╭──

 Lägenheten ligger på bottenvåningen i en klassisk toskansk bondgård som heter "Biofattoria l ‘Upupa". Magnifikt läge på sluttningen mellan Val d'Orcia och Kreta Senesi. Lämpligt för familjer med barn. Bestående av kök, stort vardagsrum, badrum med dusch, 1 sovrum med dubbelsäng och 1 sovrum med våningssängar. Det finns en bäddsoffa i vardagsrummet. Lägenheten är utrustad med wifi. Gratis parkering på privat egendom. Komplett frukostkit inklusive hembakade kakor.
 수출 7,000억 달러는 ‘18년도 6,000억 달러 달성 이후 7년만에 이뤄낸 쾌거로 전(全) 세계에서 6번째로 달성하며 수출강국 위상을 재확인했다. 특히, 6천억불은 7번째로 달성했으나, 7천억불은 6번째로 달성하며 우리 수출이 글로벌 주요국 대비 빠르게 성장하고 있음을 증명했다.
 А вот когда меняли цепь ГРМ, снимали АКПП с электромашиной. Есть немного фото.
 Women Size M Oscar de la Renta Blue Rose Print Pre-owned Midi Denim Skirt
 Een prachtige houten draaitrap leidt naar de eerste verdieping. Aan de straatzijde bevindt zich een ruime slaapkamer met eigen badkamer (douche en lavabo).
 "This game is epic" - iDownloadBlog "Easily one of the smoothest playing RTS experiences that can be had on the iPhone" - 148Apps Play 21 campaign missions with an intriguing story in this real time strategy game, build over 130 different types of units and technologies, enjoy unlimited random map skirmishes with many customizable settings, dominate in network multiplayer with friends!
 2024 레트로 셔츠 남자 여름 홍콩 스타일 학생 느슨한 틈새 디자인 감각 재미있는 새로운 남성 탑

╰──
╭──

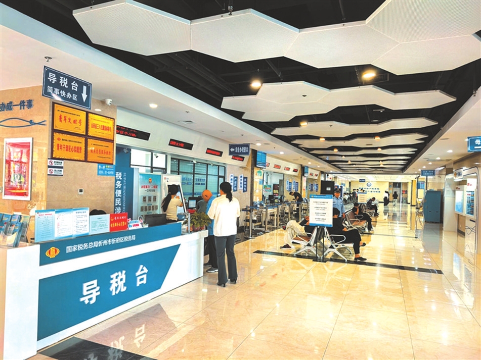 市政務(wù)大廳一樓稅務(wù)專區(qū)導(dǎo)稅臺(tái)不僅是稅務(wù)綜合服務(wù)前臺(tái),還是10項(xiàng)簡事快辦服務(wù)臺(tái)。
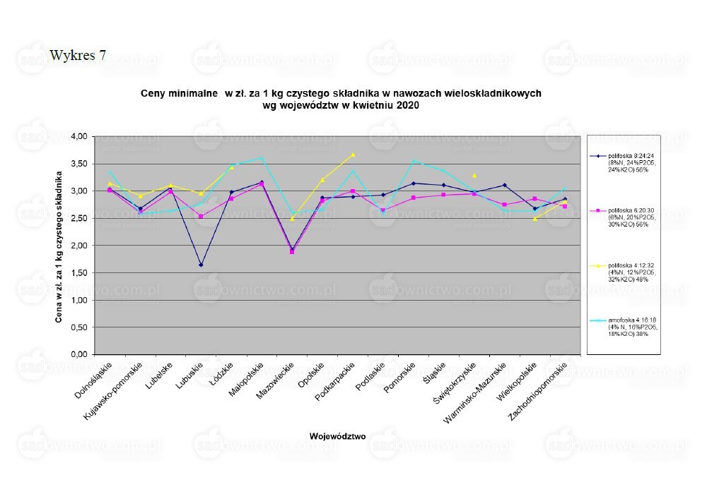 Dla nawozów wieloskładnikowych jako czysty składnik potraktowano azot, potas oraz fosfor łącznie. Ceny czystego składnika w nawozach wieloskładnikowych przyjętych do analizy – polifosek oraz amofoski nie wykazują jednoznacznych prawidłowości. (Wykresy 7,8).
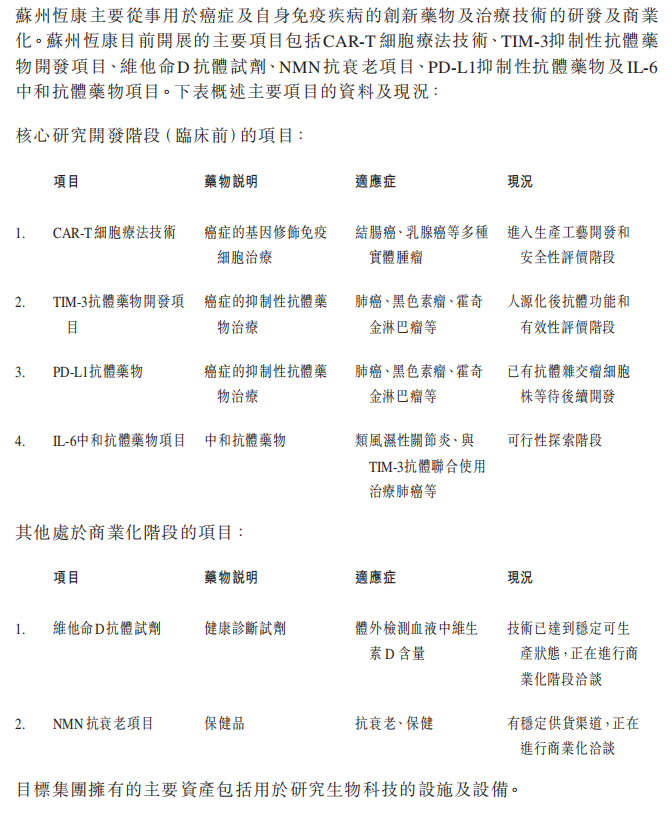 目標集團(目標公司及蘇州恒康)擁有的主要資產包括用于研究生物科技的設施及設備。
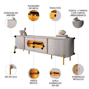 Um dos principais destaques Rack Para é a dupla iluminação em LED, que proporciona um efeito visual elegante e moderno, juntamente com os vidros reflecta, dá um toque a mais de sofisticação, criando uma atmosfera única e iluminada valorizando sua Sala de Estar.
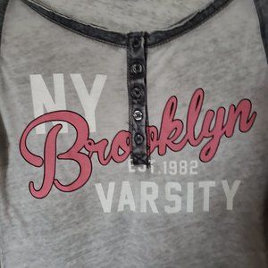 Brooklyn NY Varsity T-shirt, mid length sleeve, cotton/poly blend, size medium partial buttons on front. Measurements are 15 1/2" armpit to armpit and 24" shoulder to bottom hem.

╰──
╭──

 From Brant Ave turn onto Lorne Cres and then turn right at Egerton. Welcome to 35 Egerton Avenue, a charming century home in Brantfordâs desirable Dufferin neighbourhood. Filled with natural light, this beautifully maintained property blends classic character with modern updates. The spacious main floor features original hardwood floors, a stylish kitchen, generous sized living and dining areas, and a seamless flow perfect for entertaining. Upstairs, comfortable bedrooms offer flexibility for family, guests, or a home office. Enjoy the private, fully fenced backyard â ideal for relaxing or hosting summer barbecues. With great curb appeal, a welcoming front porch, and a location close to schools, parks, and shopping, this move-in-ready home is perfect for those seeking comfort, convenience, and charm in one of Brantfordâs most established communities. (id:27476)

╰──

Your goal: In the listing above, find the line containing "Lägenheten ligger på" and the line containing "2024 레트로 셔츠", then repeat those two lines and everything between them exactly.

Your response:
 Lägenheten ligger på bottenvåningen i en klassisk toskansk bondgård som heter "Biofattoria l ‘Upupa". Magnifikt läge på sluttningen mellan Val d'Orcia och Kreta Senesi. Lämpligt för familjer med barn. Bestående av kök, stort vardagsrum, badrum med dusch, 1 sovrum med dubbelsäng och 1 sovrum med våningssängar. Det finns en bäddsoffa i vardagsrummet. Lägenheten är utrustad med wifi. Gratis parkering på privat egendom. Komplett frukostkit inklusive hembakade kakor.
 수출 7,000억 달러는 ‘18년도 6,000억 달러 달성 이후 7년만에 이뤄낸 쾌거로 전(全) 세계에서 6번째로 달성하며 수출강국 위상을 재확인했다. 특히, 6천억불은 7번째로 달성했으나, 7천억불은 6번째로 달성하며 우리 수출이 글로벌 주요국 대비 빠르게 성장하고 있음을 증명했다.
 А вот когда меняли цепь ГРМ, снимали АКПП с электромашиной. Есть немного фото.
 Women Size M Oscar de la Renta Blue Rose Print Pre-owned Midi Denim Skirt
 Een prachtige houten draaitrap leidt naar de eerste verdieping. Aan de straatzijde bevindt zich een ruime slaapkamer met eigen badkamer (douche en lavabo).
 "This game is epic" - iDownloadBlog "Easily one of the smoothest playing RTS experiences that can be had on the iPhone" - 148Apps Play 21 campaign missions with an intriguing story in this real time strategy game, build over 130 different types of units and technologies, enjoy unlimited random map skirmishes with many customizable settings, dominate in network multiplayer with friends!
 2024 레트로 셔츠 남자 여름 홍콩 스타일 학생 느슨한 틈새 디자인 감각 재미있는 새로운 남성 탑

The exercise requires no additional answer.